Nos chers rédacteurs pourraient-ils améliorer cette lacune, en faisant appel au besoin à divers membres bénévoles assez familiers d'un domaine particulier (photo, gestionnaires divers, mise en page, tableurs, graphisme etc etc) ?
Qu'en pensez-vous ?


----------



## Anthony (24 Septembre 2020)

Nouvoul a dit:


> Le plus récent, test Antidote, date de mai 2019.



Qui n'est pas un test d'Antidote, mais un comparatif de correcteurs orthographiques. Nous avons décidé d'arrêter de tester les logiciels comme nous le faisions avant : il y a trop d'applications, et ces applications sont trop rapidement mises à jour, pour qu'on puisse le faire dans de bonnes conditions, d'autant que les applications sont maintenant souvent flanquées de services et d'autres joyeusetés.

À la place, nous avons renforcé les aperçus et les articles autour des apps. Au lieu d'avoir des brèves de deux lignes pour les mises à jour et de gros tests d'une poignée d'apps trois fois l'an, nous publions maintenant des prises en main/présentations/aperçu/décortiquage de telle ou telle fonction de telle ou telle application de manière très régulière.

Tu va encore avoir un exemple aujourd'hui avec une prise en main de Nova, le nouvel éditeur de code de Panic. Après, c'est vrai que ces papiers sont plus difficiles à trouver, parce qu'ils ne sont pas regroupés dans la catégorie Tests. Ça dépend un peu du rédacteur, de l'ampleur du papier, mais on ne pense plus forcément au mot « test ».



Nouvoul a dit:


> en faisant appel au besoin à divers membres bénévoles assez familiers d'un domaine particulier (photo, gestionnaires divers, mise en page, tableurs, graphisme etc etc) ?
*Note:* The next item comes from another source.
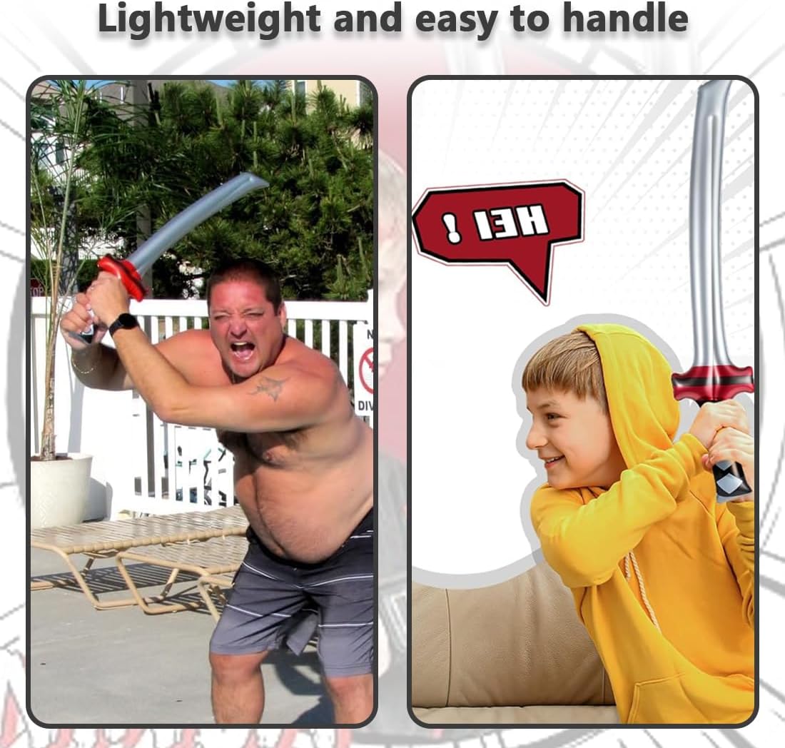 Design unico: Una decorazione di compleanno vivace e adorabile che i bambini adoreranno. Le spade ninja gonfiabili permettono ai piccoli di giocare al coraggioso guerriero. Questo set è perfetto per rendere le feste di compleanno un'esperienza speciale e stimolare la fantasia dei bambini Materiale sicuro e di qualità: Realizzato in morbido silicone atossico, sicuro e inodore. Garantisce ore di divertimento per i bambini ed è un regalo ideale per ogni occasione Versatilità per ogni occasione: Perfetto per feste di compleanno a tema ninja, feste di Halloween, Natale, feste in maschera e molto altro. Ideale anche come premio per cacce al tesoro, ricompense scolastiche, riempitivi per calze o regali per feste Regalo perfetto per feste: Questa spada ninja gonfiabile è un successo garantito per ogni festa. Farà felici i bambini e porterà un sorriso sui loro volti. Ideale sia come decorazione di compleanno che come regalo per feste di compleanno per bambini Un'esperienza indimenticabile: Trasforma la tua festa in un evento memorabile con questo set di spade ninja. I bambini lo adoreranno e sarà il punto culminante di ogni celebrazione, rendendo ogni momento speciale e divertente

Ça, ça n'existe pas chez nous, nous payons les journalistes/pigistes/stagiaires.


----------



## Nouvoul (24 Septembre 2020)

Merci de la réponse; je ne pense pas qu'une prise en main ou un test approfondi d'un éditeur de code intéresse vos lecteurs lambda, par contre des logiciels plus "quotidiens" y'aurait de quoi faire et toucherait un public plus large.
Mais bon, si vous ne voulez pas je ne vais pas vous forcer (ni arrêter de vous lire !)


----------



## Anthony (24 Septembre 2020)

Nouvoul a dit:


> vos lecteurs lambda



On n'a pas de lecteurs lambda 

(Et tu serais étonné de la popularité des papiers qui touchent au développement. C'est tout aussi « quotidien » pour un paquet de Mac-users que la bureautique ou d'autres choses.)


----------



## Nouvoul (24 Septembre 2020)

Nonobstant, je m'adressais aussi à vos lecteurs assidus ou occasionnels, aux membres du forum, et non pas uniquement à la rédaction. Un petit sondage ?
Voulez-vous plus, moins, pas du tout, ni plus ni moins, sans opinion... de tests de logiciels ?   
(edit): ou alors pourquoi pas créer une rubrique forum "J'ai testé"; ceux qui ont quelque(s) expérience(s) en divers domaines pourraient proposer leur retour d'expérience(s), évidemment il faudrait réguler tout ça pour éviter les "liens sponsorisés" et virer les malandrins !


----------